Now, as then, entrepreneurship can flourish only in a culture where individuals are willing to innovate and exert leadership; where people enjoy the rewards and face the consequences of their decisions; and where we can gamble the security of the status quo for a chance of future success.

Yet, in his commencement address at Arizona State University on May 13, 2009, President Obama warned against precisely such impulses: “You’re taught to chase after all the usual brass rings; you try to be on this “who’s who” list or that Top 100 list; you chase after the big money and you figure out how big your corner office is; you worry about whether you have a fancy enough title or a fancy enough car. That’s the message that’s sent each and every day, or has been in our culture for far too long — that through material possessions, through a ruthless competition pursued only on your own behalf — that’s how you will measure success.” Such ambition, he cautioned, “may lead you to compromise your values and your principles.”

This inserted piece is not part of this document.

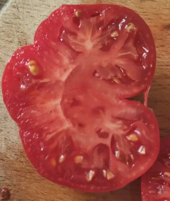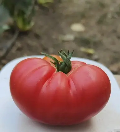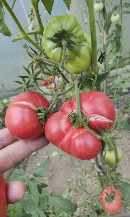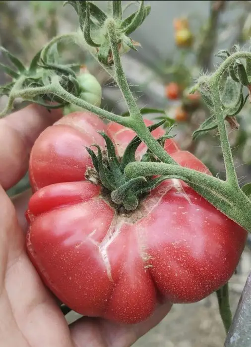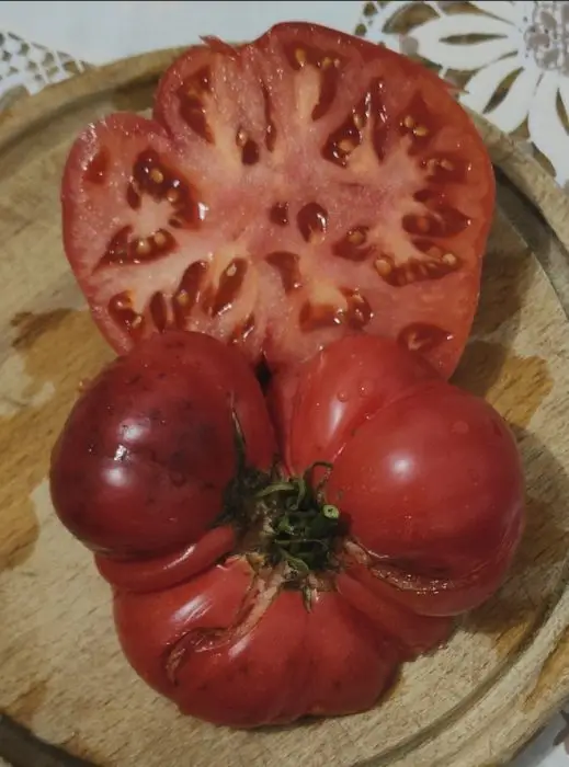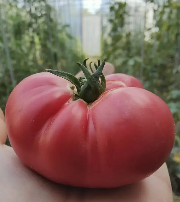 Fructe: Mărimea medie este de 100-250 g, uneori și peste 500 grame , rotund- aplatizate, ondulate, de culoare roz-roșie(„zmeurie”), pulpă fermă, dulce și aromată, oferind un echilibru încântător între dulce și acrișor.

I appreciate the sentiment that money does not buy happiness. But for the president of the United States to actively warn young adults away from economic ambition is remarkable. And he makes clear that he seeks to change our culture.

The irony is that, by wide margins, Americans support free enterprise. A Gallup poll in January found that 86 percent of Americans have a positive image of “free enterprise,” with only 10 percent viewing it negatively. Similarly, in March 2009, the Pew Research Center asked individuals from a broad range of demographic groups: “Generally, do you think people are better off in a free-market economy, even though there may be severe ups and downs from time to time, or don’t you think so?” Almost 70 percent of respondents agreed that they are better off in a free-market economy, while only 20 percent disagreed.

In fact, no matter how the issue is posed, not more than 30 percent of Americans say they believe we would fare better without free markets at the core of our system. When it comes to support for free enterprise, we are essentially a 70-30 nation.

So here’s a puzzle: If we love free enterprise so much, why are the 30 percent who want to change that culture in charge?

It’s not simply because of the election of Obama. As much as Republicans may dislike hearing it, statism had effectively taken hold in Washington long before that.

The George W. Bush administration began the huge Wall Street and Detroit bailouts, and for years before the economic crisis, the GOP talked about free enterprise while simultaneously expanding the government with borrowed money and increasing the percentage of citizens with no income tax liability. The 30 percent coalition did not start governing this country with the advent of Obama, Nancy Pelosi and Harry Reid. It has been in charge for years.